Leaving out every line before the one with "2014年江门市扶贫工作简报第49期(总第325期)", write out the rest of the records below exactly.

Segment Start: GIVEN ENTRIES

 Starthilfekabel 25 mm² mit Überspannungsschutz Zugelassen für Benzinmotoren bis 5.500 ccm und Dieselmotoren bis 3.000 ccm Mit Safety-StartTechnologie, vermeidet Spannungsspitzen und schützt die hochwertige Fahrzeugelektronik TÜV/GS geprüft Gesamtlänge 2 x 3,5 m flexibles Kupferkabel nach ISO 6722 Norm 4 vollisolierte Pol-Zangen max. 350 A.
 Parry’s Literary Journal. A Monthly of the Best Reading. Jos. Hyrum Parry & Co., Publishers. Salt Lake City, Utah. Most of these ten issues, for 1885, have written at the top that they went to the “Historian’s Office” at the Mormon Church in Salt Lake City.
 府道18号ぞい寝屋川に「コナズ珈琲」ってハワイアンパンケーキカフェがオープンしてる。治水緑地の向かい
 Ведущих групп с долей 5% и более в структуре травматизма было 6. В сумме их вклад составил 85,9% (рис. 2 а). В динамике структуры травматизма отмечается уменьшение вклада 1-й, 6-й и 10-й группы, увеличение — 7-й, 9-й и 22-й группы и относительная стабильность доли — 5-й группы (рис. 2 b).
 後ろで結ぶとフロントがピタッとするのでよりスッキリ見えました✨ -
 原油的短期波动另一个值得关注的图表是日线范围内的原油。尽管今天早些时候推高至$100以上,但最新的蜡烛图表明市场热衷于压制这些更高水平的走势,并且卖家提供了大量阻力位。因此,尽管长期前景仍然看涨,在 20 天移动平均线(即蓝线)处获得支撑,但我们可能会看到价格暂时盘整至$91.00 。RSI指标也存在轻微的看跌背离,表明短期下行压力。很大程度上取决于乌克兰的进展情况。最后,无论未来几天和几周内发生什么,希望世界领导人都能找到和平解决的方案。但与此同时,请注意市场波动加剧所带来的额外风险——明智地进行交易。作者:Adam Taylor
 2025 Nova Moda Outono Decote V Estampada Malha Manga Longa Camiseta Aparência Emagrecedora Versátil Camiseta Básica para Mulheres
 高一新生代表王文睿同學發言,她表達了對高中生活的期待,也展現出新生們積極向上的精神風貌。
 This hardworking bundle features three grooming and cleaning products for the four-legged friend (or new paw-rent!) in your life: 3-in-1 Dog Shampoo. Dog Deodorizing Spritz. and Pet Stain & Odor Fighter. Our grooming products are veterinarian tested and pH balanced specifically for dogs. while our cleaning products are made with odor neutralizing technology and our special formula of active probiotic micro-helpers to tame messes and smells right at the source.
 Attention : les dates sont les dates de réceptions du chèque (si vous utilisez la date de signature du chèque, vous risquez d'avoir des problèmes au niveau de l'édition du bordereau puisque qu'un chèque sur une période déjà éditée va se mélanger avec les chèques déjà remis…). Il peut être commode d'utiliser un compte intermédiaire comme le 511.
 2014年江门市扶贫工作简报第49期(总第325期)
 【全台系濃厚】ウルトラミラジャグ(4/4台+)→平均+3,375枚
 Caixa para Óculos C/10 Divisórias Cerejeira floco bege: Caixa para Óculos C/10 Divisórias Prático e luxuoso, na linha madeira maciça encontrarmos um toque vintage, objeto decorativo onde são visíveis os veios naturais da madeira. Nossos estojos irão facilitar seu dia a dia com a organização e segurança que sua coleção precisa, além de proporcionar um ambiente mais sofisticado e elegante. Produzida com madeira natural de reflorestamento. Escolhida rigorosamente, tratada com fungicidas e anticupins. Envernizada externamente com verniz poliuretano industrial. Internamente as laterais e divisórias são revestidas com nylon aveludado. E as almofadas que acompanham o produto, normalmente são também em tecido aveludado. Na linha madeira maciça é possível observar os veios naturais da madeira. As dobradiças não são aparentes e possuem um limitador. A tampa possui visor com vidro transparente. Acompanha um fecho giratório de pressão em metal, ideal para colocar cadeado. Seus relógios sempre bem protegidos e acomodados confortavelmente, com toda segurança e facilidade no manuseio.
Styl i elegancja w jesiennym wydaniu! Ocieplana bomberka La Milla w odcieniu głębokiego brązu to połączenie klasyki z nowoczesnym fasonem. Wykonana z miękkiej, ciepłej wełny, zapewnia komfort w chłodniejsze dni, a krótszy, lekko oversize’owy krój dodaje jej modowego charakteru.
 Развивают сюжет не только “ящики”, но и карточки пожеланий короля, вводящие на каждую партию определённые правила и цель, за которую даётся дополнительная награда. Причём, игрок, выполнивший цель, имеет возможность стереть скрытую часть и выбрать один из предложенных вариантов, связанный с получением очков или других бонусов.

Segment End: GIVEN ENTRIES

TASK SOLUTION:
 2014年江门市扶贫工作简报第49期(总第325期)
 【全台系濃厚】ウルトラミラジャグ(4/4台+)→平均+3,375枚
 Caixa para Óculos C/10 Divisórias Cerejeira floco bege: Caixa para Óculos C/10 Divisórias Prático e luxuoso, na linha madeira maciça encontrarmos um toque vintage, objeto decorativo onde são visíveis os veios naturais da madeira. Nossos estojos irão facilitar seu dia a dia com a organização e segurança que sua coleção precisa, além de proporcionar um ambiente mais sofisticado e elegante. Produzida com madeira natural de reflorestamento. Escolhida rigorosamente, tratada com fungicidas e anticupins. Envernizada externamente com verniz poliuretano industrial. Internamente as laterais e divisórias são revestidas com nylon aveludado. E as almofadas que acompanham o produto, normalmente são também em tecido aveludado. Na linha madeira maciça é possível observar os veios naturais da madeira. As dobradiças não são aparentes e possuem um limitador. A tampa possui visor com vidro transparente. Acompanha um fecho giratório de pressão em metal, ideal para colocar cadeado. Seus relógios sempre bem protegidos e acomodados confortavelmente, com toda segurança e facilidade no manuseio.
Styl i elegancja w jesiennym wydaniu! Ocieplana bomberka La Milla w odcieniu głębokiego brązu to połączenie klasyki z nowoczesnym fasonem. Wykonana z miękkiej, ciepłej wełny, zapewnia komfort w chłodniejsze dni, a krótszy, lekko oversize’owy krój dodaje jej modowego charakteru.
 Развивают сюжет не только “ящики”, но и карточки пожеланий короля, вводящие на каждую партию определённые правила и цель, за которую даётся дополнительная награда. Причём, игрок, выполнивший цель, имеет возможность стереть скрытую часть и выбрать один из предложенных вариантов, связанный с получением очков или других бонусов.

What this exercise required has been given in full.